As you can see there is more to high volume ingest that initially meets the eye. Besides all of the value that our turnkey solutions provide, this is one of the reasons our customers engage us... our experience building out high-scale ingest architectures. You will find Elasticsearch is pretty simple, as is Kibana. The challenge is always the high scale ingestion of high quality data.

Let me comment on a few of your other points before I close...

Doubling the number vCPUs on the LS node to 8. This had no discernible increase in events.

Increasing batch size to 250 and workers to 8 (while keeping 4vCPU). Had no effect.

Both of these are related to the fact that the pipeline.workers setting is for filters and outputs, not inputs. Adding the workers setting within the UDP input is necessary to engage multiple processors. The default is only 2.

Creating another LS node, putting an nginx loadbalancer in front and sending to two LS nodes. This increased events by about 50% (did not double the number of events as i expected).

This is because the NGiNX host/VM was likely suffering from the same default linux tuning, that affected Logstash VM. You would need the same kernel parameter changes mentioned in #1 above on the NGiNX host/VM.

top shows CPUs are all getting equal load, however /proc/interrupts shows one CPU handling a lot of the interrupts.

This is because a single kernel thread binds to a single NIC receive queue. If you have a server-class NIC with multiple receive queues, you can spread the load across multiple cores, but only if you have multiple listeners, which would mean you would need to use multiple ports for them each to listen on. Of course you are in a VM, and the hypervisor gives you only a single receive queue per vNIC so this isn't an option even if it could be easily done in Logstash. This is why adding CPUs (and workers) doesn't scale as expected. The threads must all compete for the single lock which governs access to the receive buffer. More application threads means more lock contention, and quickly diminishing returns.

netstat shows A LOT of packet received errors. Presumably this is a symptom of my LS not being able to process what im sending.

Correct! This is one reason why using something like Redis and a multi-tier Logstash architecture is a good idea. The data can be quickly pulled from the input buffers and stuffed into Redis (or Kafka), from which one or more processing instances can grab it and complete the parsing, formatting and enrichment of the data. This is a standard feature of our Synesis solution, which allows you to work with flows, access and security logs in a seamlessly integrated user experience.

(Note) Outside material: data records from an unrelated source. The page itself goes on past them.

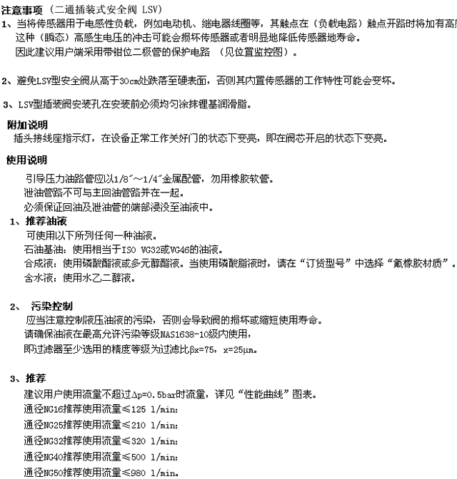 當P=100bar和V=35mm2/s錐閥 與外部電感負載鏈接發(fā)光閃耀裝置 發(fā)光二級管 防護等級 IP65 DIN40050 暫載率 100%ED 通徑 NG16 NG25 NG32 NG40 NG50 切換頻率 10Hz cm2/s 40 50 75 170 200 安裝位置 插頭面向上或水平裝 二通插裝式安全閥LSV注意事項及使用說明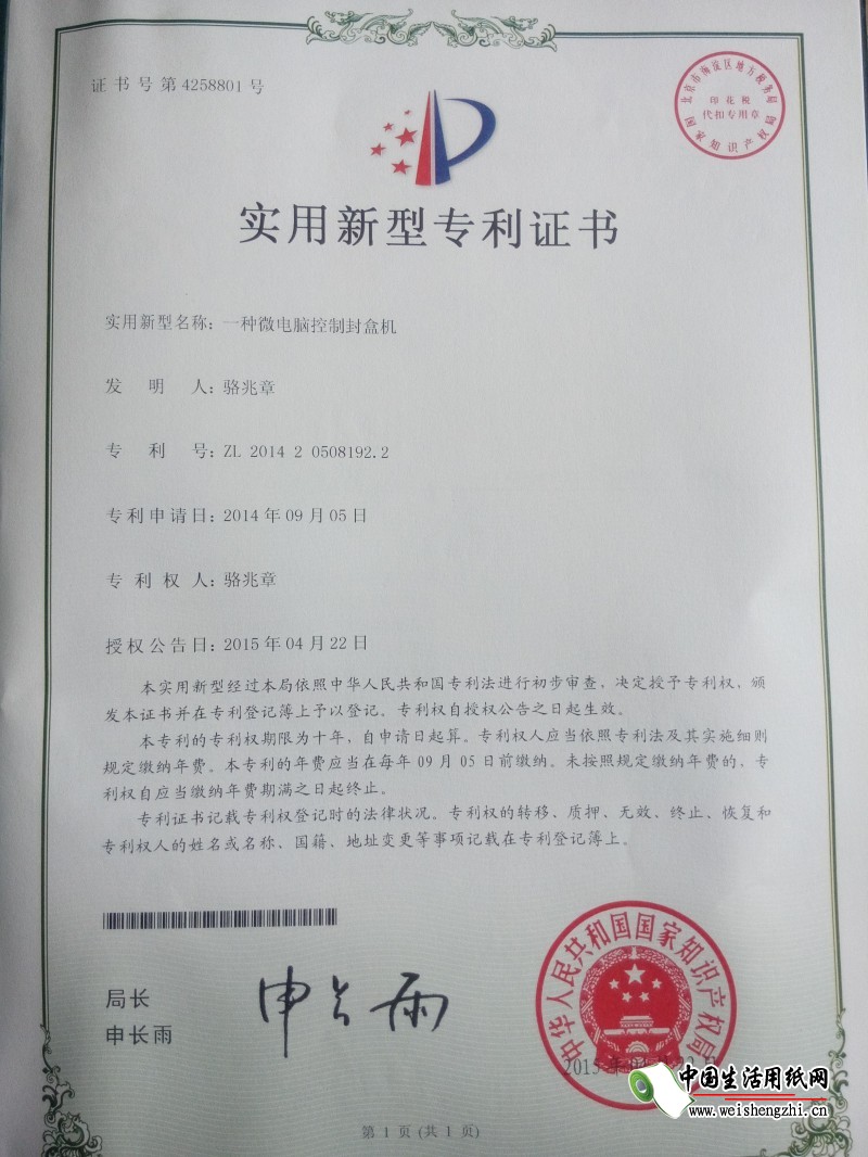 荣誉资质 封盒机专利证书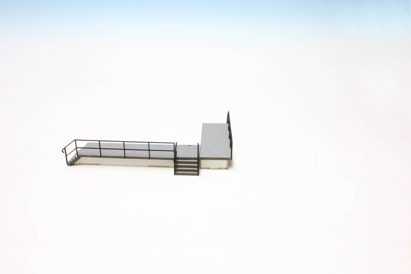 Erhöhte Laufgänge im Bereich von Maschinenanlagen, mit Geländer und 3 Treppenaufgängen, variabel einsetzbar,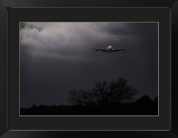 世界最大の旅客機であるA380が、その巨大な翼を広げてこちらへ向かってくる瞬間には、他では味わえない独特の緊張感と高揚感があります。背景の暗雲が描くドラマチックなグラデーションと、機体の金属質感が放つ鈍い光の対比は、見る者に畏怖の念さえ抱かせます。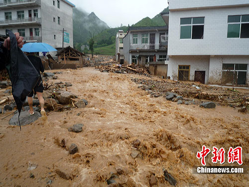 中新網(wǎng)西安7月27日電(記者 冽瑋 通訊員何衍貴)7月24日凌晨2時(shí)許,地處陜西省南部的商洛市丹鳳縣竹林關(guān)鎮(zhèn)遭遇山洪、泥石流襲擊,洪水退去后,原來(lái)平整的街道被厚度近2米的淤泥覆蓋,十噸以上的山石隨處可見(jiàn)。截至7月26日,暴雨致使該鎮(zhèn)失蹤9人死亡1人,經(jīng)濟(jì)損失目前尚無(wú)法估計(jì)。
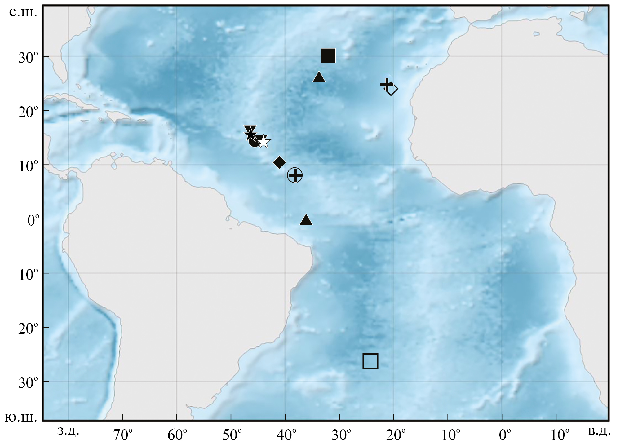 Рис. 1. Места поимок Melamphaidae: (●) — Melamphaes leprus, (○) — M. polylepis, (■) — M. inconspicuus, (□) — M. lentiginosus, (▲) — M. pumilus, (△) — M. typhlops, (◇) — Poromitra megalops, (◆) — P. macrophthalma, (▼) — Scopeloberyx robustus, (✚) — S. opisthopterus, (✩) — Scopeloberyx sp., () — Scopelogadus mizolepis.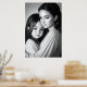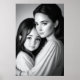 En svart och vit porträtt av mor och dotter med långt svart hår där båda hade vita kläder. Det här är en AI-skapad konst.

3 x ES VM Nodes, all Master, all data, each with 16GB RAM (8GB heap); 2 CPU; 250GB SSD

You should realize that you will need A LOT more disk space if you are planning to collect 15K flows/sec.

500 bytes x 15000 x 86400 = 640GB per day. (and you don't have any replicas yet)

Hopefully this all helps. Please report back the results of the above changes. I would like to know how much they help.

Rob

Robert Cowart (rob@koiossian.com)
www.koiossian.com
True Turnkey SOLUTIONS for the Elastic Stack

1 Like

Fantastic response Rob, thank you.

I'll digest everything you've said, try the amendments and report back. I'll likely end up tearing down my dev environment and give Elastiflow a shot on a fresh install.

I'll also PM you regarding the security aspects of Elastiflow, am interested to know more.

And yes, it's starting to dawn on me just how much data we're potentially going to be pulling in. Will be rethinking that 30 day retention period!

Thanks again for the detailed response, much appreciated

This topic was automatically closed 28 days after the last reply. New replies are no longer allowed.